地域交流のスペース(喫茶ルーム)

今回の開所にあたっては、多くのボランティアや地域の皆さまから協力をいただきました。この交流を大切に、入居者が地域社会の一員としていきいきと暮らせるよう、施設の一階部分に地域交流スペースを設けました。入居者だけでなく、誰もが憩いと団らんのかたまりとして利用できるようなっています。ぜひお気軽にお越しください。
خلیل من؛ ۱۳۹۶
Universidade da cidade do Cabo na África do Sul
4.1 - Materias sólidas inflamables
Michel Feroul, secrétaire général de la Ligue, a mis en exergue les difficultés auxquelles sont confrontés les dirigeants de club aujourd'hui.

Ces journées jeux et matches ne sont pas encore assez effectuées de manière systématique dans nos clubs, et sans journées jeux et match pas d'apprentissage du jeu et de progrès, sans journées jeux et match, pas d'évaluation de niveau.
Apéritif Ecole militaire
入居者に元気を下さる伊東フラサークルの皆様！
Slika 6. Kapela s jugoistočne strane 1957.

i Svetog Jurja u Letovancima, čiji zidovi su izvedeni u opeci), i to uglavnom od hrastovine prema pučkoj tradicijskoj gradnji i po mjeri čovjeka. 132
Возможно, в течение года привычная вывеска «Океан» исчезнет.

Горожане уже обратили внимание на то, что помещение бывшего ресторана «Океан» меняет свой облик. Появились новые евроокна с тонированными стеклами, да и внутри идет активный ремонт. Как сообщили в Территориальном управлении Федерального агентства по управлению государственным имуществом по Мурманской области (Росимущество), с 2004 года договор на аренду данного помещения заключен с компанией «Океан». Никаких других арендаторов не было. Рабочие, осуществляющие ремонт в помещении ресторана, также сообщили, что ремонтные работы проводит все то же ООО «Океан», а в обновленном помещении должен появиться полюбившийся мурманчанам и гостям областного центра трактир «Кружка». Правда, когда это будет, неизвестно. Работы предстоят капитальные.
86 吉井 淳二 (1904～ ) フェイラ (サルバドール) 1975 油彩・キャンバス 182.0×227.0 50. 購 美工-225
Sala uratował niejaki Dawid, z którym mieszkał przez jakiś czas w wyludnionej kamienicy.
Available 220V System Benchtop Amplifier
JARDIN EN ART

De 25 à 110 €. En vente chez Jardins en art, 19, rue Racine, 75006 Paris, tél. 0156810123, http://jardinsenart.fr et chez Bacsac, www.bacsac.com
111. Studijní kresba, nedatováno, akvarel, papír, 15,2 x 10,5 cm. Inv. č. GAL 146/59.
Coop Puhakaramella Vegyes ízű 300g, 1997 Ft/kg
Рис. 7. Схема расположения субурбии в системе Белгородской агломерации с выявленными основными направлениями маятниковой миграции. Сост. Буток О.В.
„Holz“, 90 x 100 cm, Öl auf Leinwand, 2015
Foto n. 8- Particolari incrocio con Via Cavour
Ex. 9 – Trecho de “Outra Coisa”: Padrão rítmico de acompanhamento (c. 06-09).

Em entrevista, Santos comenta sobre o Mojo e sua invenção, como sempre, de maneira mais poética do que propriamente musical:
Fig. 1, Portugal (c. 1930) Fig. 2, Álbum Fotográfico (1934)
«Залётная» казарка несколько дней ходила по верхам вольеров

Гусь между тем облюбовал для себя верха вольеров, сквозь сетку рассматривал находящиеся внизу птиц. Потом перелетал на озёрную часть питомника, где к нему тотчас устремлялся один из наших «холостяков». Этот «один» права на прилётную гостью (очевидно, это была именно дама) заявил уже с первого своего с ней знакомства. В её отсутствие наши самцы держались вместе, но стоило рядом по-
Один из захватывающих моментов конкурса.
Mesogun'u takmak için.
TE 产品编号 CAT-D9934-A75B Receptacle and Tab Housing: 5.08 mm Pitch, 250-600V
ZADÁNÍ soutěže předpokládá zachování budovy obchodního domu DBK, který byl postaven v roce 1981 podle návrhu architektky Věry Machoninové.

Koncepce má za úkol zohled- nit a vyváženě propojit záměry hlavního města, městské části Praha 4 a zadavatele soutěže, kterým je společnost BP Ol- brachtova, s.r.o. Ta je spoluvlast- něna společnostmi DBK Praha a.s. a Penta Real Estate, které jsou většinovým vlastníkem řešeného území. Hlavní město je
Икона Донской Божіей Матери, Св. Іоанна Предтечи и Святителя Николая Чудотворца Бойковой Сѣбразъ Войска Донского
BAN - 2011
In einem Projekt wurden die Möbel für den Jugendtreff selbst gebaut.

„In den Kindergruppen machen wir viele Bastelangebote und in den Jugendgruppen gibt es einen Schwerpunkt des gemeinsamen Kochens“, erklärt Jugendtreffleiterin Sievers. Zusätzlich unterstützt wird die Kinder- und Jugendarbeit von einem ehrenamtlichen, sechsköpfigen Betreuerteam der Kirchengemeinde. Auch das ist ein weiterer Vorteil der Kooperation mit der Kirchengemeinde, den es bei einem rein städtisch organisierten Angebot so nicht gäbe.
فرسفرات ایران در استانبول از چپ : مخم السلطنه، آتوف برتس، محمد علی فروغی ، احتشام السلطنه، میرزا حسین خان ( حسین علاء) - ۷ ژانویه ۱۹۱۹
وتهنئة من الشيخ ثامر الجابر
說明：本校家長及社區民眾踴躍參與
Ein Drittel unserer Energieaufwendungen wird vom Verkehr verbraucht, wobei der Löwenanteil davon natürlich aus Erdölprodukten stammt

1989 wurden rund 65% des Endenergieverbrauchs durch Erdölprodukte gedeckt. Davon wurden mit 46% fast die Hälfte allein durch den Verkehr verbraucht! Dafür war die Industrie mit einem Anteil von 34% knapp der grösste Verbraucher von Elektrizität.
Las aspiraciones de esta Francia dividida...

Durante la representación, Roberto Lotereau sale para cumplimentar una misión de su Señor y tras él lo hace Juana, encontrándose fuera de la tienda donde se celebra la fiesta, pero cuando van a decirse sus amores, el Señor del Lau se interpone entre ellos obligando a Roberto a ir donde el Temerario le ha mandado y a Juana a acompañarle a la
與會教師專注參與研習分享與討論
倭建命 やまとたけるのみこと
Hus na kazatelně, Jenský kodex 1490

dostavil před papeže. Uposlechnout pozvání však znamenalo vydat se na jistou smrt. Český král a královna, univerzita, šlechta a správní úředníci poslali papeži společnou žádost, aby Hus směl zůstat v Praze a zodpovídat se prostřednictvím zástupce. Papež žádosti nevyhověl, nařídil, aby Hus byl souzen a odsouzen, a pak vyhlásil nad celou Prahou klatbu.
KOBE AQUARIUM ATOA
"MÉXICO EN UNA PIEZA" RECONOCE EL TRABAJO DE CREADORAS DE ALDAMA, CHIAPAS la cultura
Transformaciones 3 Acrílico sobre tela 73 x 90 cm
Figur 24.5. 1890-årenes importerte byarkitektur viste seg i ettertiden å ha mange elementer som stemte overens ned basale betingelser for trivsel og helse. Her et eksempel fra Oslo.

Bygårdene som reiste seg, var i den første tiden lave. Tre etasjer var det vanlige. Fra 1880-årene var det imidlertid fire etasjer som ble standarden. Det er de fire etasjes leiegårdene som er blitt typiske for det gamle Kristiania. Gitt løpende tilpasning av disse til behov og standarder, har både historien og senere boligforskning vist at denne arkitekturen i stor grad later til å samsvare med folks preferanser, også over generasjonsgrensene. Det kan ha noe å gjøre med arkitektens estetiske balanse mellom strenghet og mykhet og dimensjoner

--------

## [Description of the task]
Find the string "sobre" in the entries above. Copy each line where it occurs.

## [Written solution]
Em entrevista, Santos comenta sobre o Mojo e sua invenção, como sempre, de maneira mais poética do que propriamente musical:
Transformaciones 3 Acrílico sobre tela 73 x 90 cm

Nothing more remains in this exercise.